Background information
- Also known as: Vanguard
- Origin: Alpine, California, U.S.
- Genres: Post-hardcore; melodic hardcore; post-rock; spoken word; Christian hardcore (early);
- Years active: 2011–present
- Labels: Tandem Management Co.; SharpTone; Equal Vision; InVogue;
- Members: Joel Quartuccio;
- Past members: Michael McGough; Tyler Ross; Ralph Sica; Shad Hamawe; Jacob Prest; Connor Denis; Jesse Shelley; Anthony Ghazel; Garrett Harney;

= Being as an Ocean =

American post-hardcore band

Being as an Ocean is an American post-hardcore band from Alpine, California, formed in 2011. They have released six studio albums: Dear G-d..., How We Both Wondrously Perish, a self-titled album, Waiting for Morning to Come, released on 8 September 2017, PROXY: An A.N.I.M.O. Story, released in 2019, and Death Can Wait in 2024. How We Both Wondrously Perish was released in May 2014 and charted at number 57 on the Billboard 200 in the U.S.

== History ==

===Years as Vanguard and Dear G-d... (2011-2013)===
Being as an Ocean was originally named Vanguard, where they played extreme metal with a Christian message, however, as their sound was experimented with more, they began to lose interest in playing metal and instead pursued a more post-hardcore sound. Demo versions of the songs "The Hardest Part Is Forgetting Those You Swore You Would Never Forget" and "Humble Servant, Am I" were streamed on Vanguard's MySpace page on January 4, 2011. The band thereafter changed their name to Being as an Ocean.

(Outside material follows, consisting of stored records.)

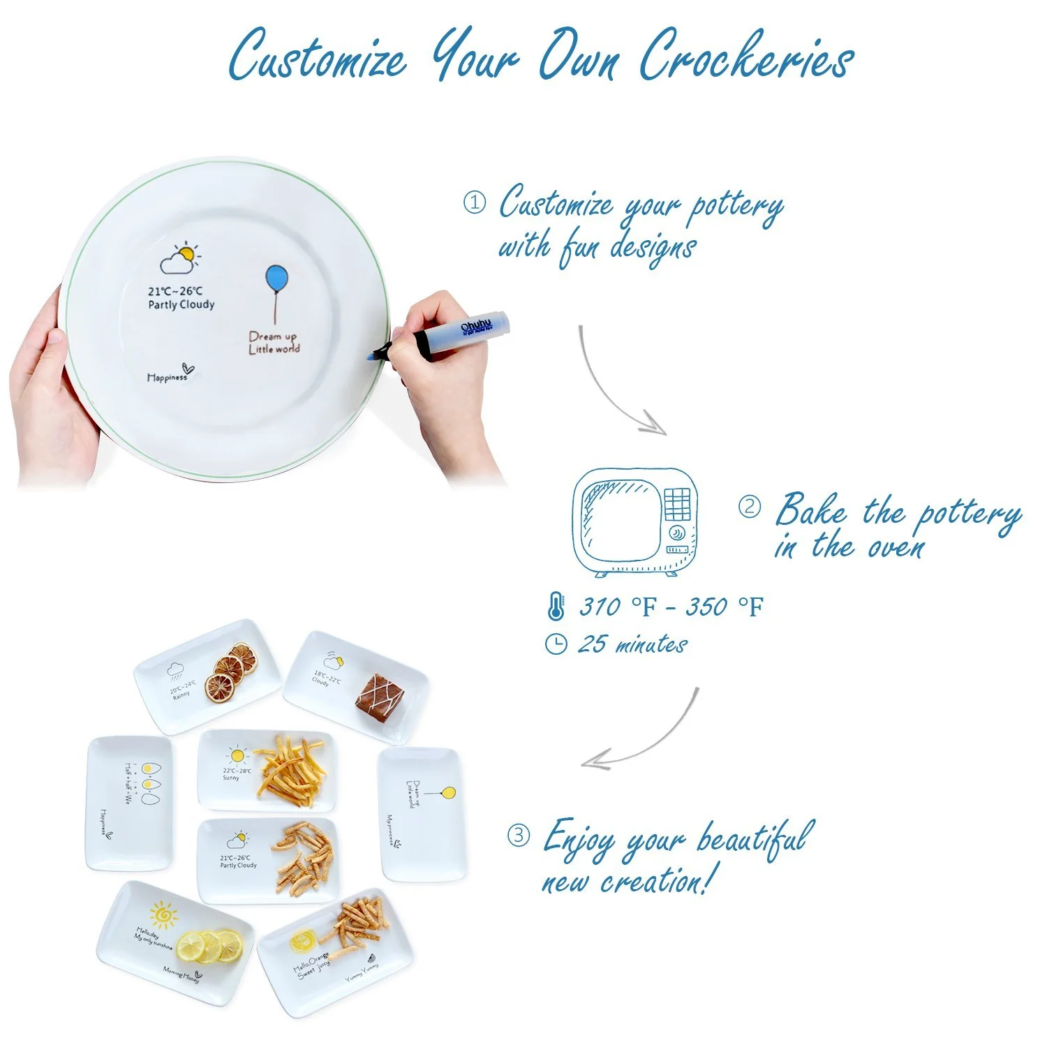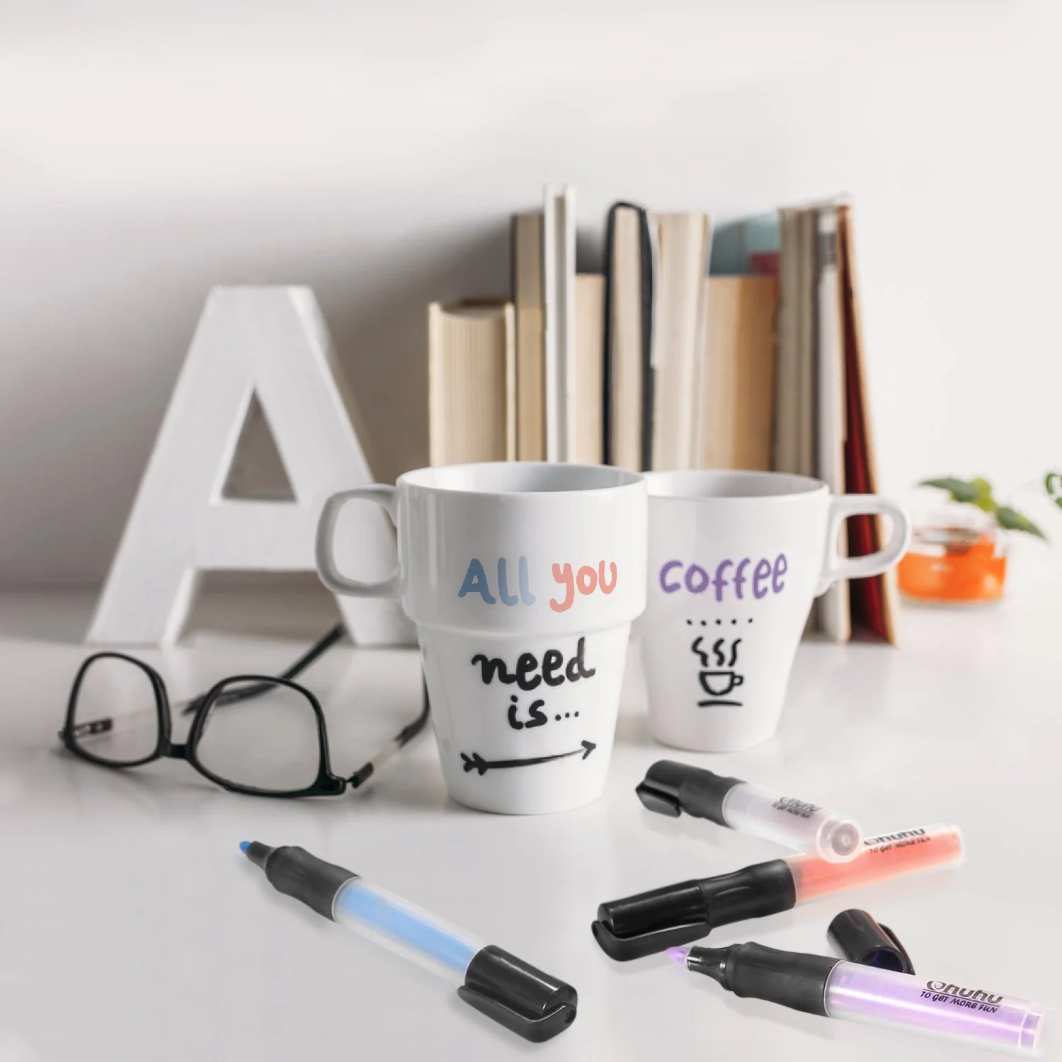 Decoración de Cerámica en casa: Con estos marcadores de pintura acrílica puedes diseñar tazas, platos de cerámica. La tinta no es tóxica y es libre de ácido, tiene los certificados ASTM-423 y EN 71-3, por lo que puedes utilizarla para decorar tus platos.
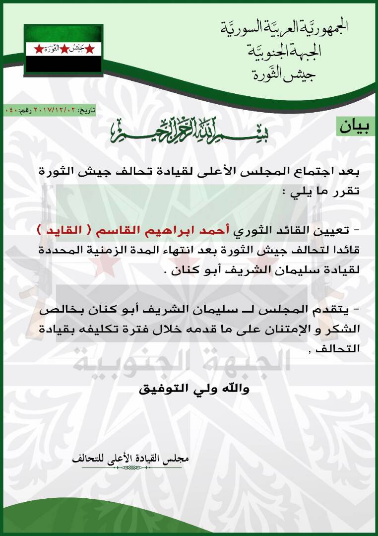 بيان تعيين أحمد إبراهيم القاسم ( القايد) قائداً عاماً لتحالف جيش الثورة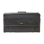 Emma RFID Tab Clutch Black Designed in smooth glazed leather Emma's roomy interior with plenty of pockets make it your go-to clutch. Fossil designed this clutch with a special lining to help protect the Radio Frequency Identification (RFID) chips in your credit and debit cards from unwarranted scanning.Offers Radio Frequency Identification protectionMade of high-quality leather that lasts over timeExterior has a back zipper pocketClutch fold over tab with snap closureInte ... View Details » |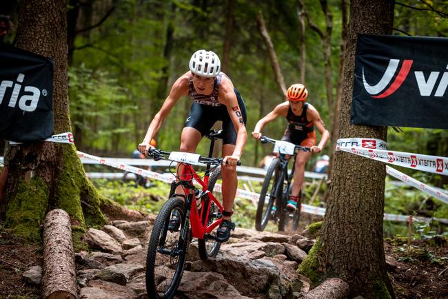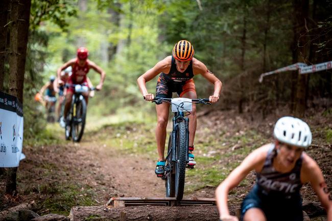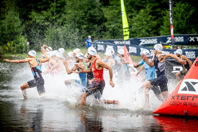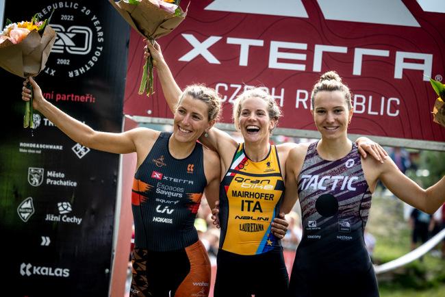 Sandra Mairhofer (ITA) and Lukas Kocar (CZE) won the second round of the XTERRA Short Track off-road triathlon series with winning times of 40:43 and 34:31, respectively, on a beautiful day in Prachatice, Czech Republic on Sunday, August 14, 2022.
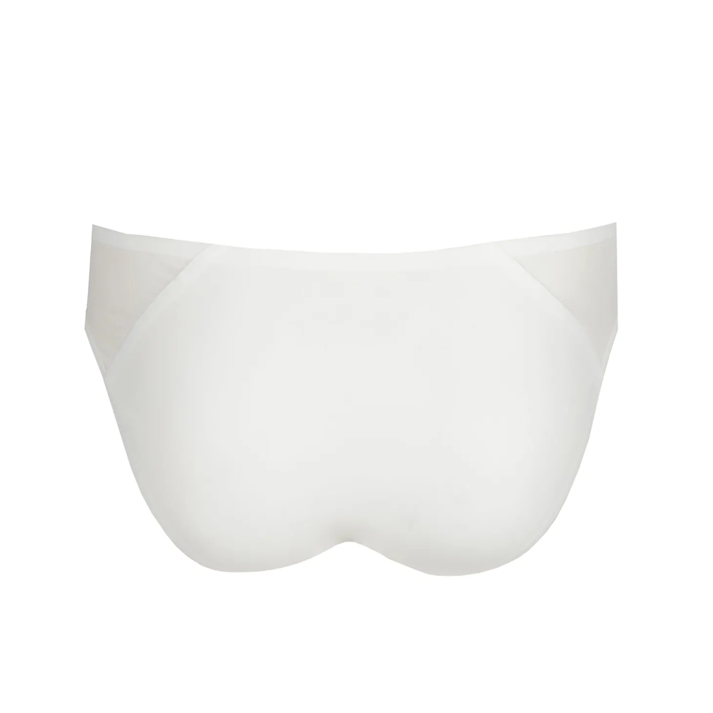 - Design: Mid-rise bikini panty. Moderate rear coverage. Mesh panels on side which wrap around to the back. Brazilian briefs with an elegant cut and a comfortable fit.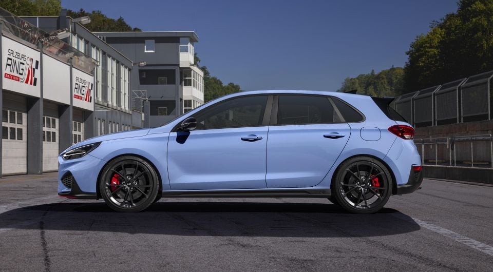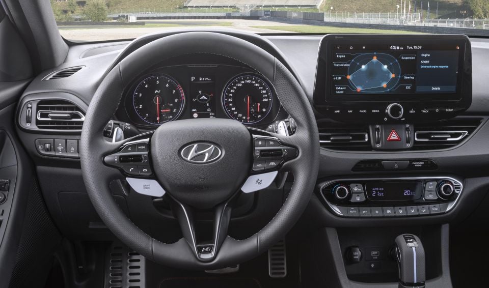 The 2021 i30 N retains five driving modes – Eco, Normal, Sport, N, N Custom – that more broadly change the throttle mapping, exhaust pops, steering resistance, transmission shift points, damping, stability control, and the electronically activated limited-slip front diff.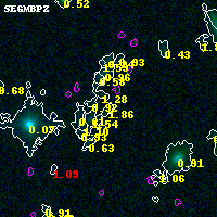 Black segments are analyzed here. Roll mouse over color images to view segments. Best viewed in a wide browser window (1200 pixels or more). Download SED & P(z) plots to view larger versions.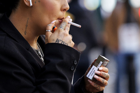 英国で23日までに、2009年1月1日以降に生まれた人にたばこの販売を禁じる法案が上下両院を通過した。写真は23日、ロンドンでたばこを吸う市民。 【EPA時事】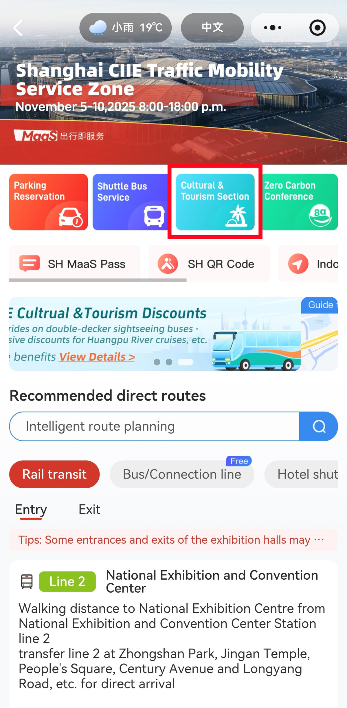 Step 2:Tap the "Shanghai CIIE Traffic Mobility Service Zone" on the homepage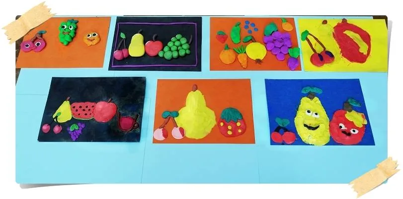 Ребята отгадывали загадки на данную тему, поиграли в игры: «Что, где растет», «Полезно - не полезно», игру-кричалку «И мы тоже…», «В лесу», отвечали на вопросы интеллектуальной викторины «Что можно приготовить?». В завершении мероприятия дети слепили пластилиновые картины любимых ягод, фруктов и овощей.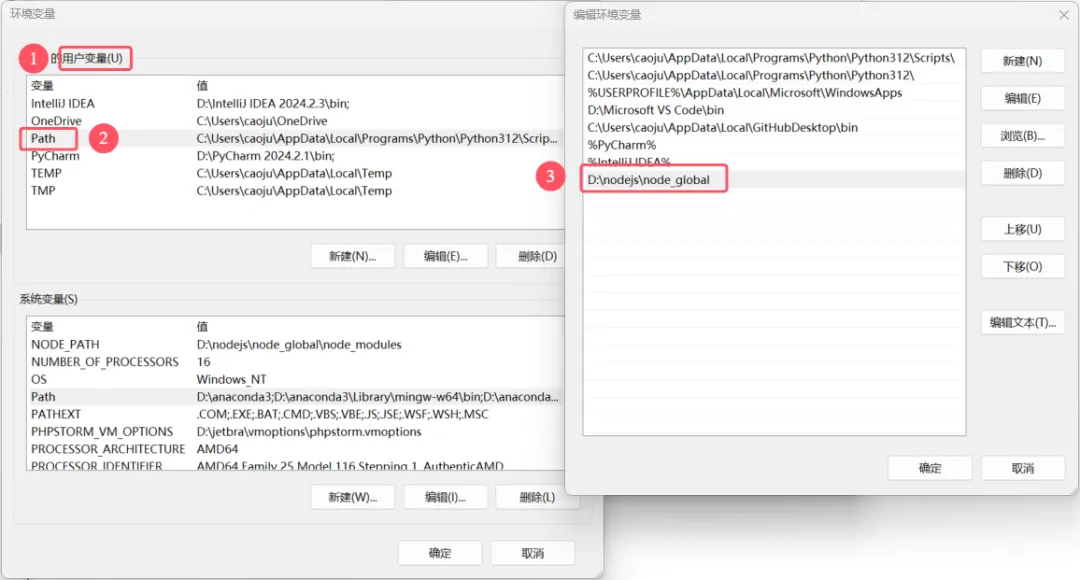 4)打开“用户变量”中的Path,修改C:\Users\caoju\AppData\Roaming\npm为D:\nodejs\node_global(自己的node_global位置)

Guitarist Tyler Ross wrote the whole first album right after the band's formation. Dear G-d... was tracked in an old hotel called The Palms and was sent to Brian Hood to be mixed and mastered. The first single from the album was its title track, which was released on January 3, 2012, and was met with positive acclaim. Shortly after, Jacob Prest joined the band as rhythm guitarist. Being as an Ocean toured over twenty countries including Canada, Germany, Georgia, Austria, the United Kingdom and Australia with support from bands such as Counterparts, Hundredth, Sierra, Liferuiner, Napoleon, and The Elijah. They released a b-side from Dear G-d... titled "The People Who Share My Name" on August 5, 2013.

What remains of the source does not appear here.